Data excerpts
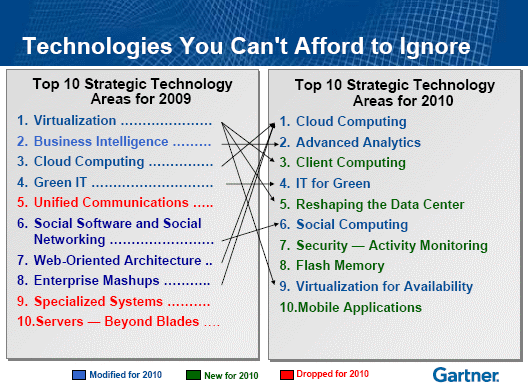 当今IT技术发展迅速,技术引领革新,需要我们紧密跟踪并把握新技术与新应用的新趋势。11月初,在弗罗里达州奥兰多举行的Gartner Symposium大会中,Gartner发布了2010年IT行业十大战略技术报告。在他们看来,天空中飘来一片云,而这片云,很快将不再像水蒸气一样虚无缥缈了。 对于即将到来的2010年,Gartner发布的预测报告指出了对10项新技术应该受到关注:包括云计算(Cloud Computing)、数据中心、虚拟化软件、绿色IT、移动应用程序、高级分析工具、闪存技术、社交计算、安全监控技术等等。这些新技术的应用,将对IT产业带来全新的变化。
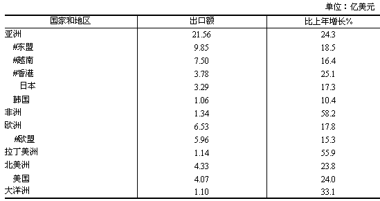 表9 2006年對主要國家和地區(qū)出口情況
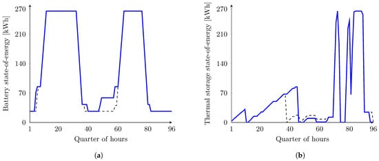 The state-of-energy for energy storage devices under a 30% uncertainty level for 27 September 2019. The dashed and solid lines represent upper and lower bound analysis, respectively. (a) State of energy for the EES under 30% uncertainty; (b) State of energy for the TES under 30% uncertainty.
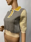 VC-RUAN STU-DIO Cropped retro Style Size Small is a women's sweater made of knit fabric with a collared neckline and short bell sleeves. The pullover features a geometric pattern in multicolor and a button accent. It is a classic fit and is available in size small. The sweater is machine washable and made of polyester.
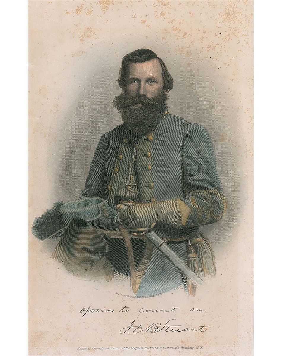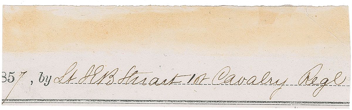 Early ink signature, “Lt. JEB Stuart, 1st Cavalry Regt,” on an off-white 4.25 x 1.25 slip clipped from a 1857 document. Mild toning above signature which could be easily matted out, otherwise fine condition. Accompanied by a color engraved portrait bearing a printed signature. During this time Stuart served as an officer of the newly formed 1st Cavalry stationed at Fort Leavenworth. He would be wounded in July of 1857 by the Cheyenne while fighting at Solomon River.

Requirement:
Every entry must be reproduced exactly, with the images left out.

Response box:
 当今IT技术发展迅速,技术引领革新,需要我们紧密跟踪并把握新技术与新应用的新趋势。11月初,在弗罗里达州奥兰多举行的Gartner Symposium大会中,Gartner发布了2010年IT行业十大战略技术报告。在他们看来,天空中飘来一片云,而这片云,很快将不再像水蒸气一样虚无缥缈了。 对于即将到来的2010年,Gartner发布的预测报告指出了对10项新技术应该受到关注:包括云计算(Cloud Computing)、数据中心、虚拟化软件、绿色IT、移动应用程序、高级分析工具、闪存技术、社交计算、安全监控技术等等。这些新技术的应用,将对IT产业带来全新的变化。
 表9 2006年對主要國家和地區(qū)出口情況
 The state-of-energy for energy storage devices under a 30% uncertainty level for 27 September 2019. The dashed and solid lines represent upper and lower bound analysis, respectively. (a) State of energy for the EES under 30% uncertainty; (b) State of energy for the TES under 30% uncertainty.
 VC-RUAN STU-DIO Cropped retro Style Size Small is a women's sweater made of knit fabric with a collared neckline and short bell sleeves. The pullover features a geometric pattern in multicolor and a button accent. It is a classic fit and is available in size small. The sweater is machine washable and made of polyester.
 Early ink signature, “Lt. JEB Stuart, 1st Cavalry Regt,” on an off-white 4.25 x 1.25 slip clipped from a 1857 document. Mild toning above signature which could be easily matted out, otherwise fine condition. Accompanied by a color engraved portrait bearing a printed signature. During this time Stuart served as an officer of the newly formed 1st Cavalry stationed at Fort Leavenworth. He would be wounded in July of 1857 by the Cheyenne while fighting at Solomon River.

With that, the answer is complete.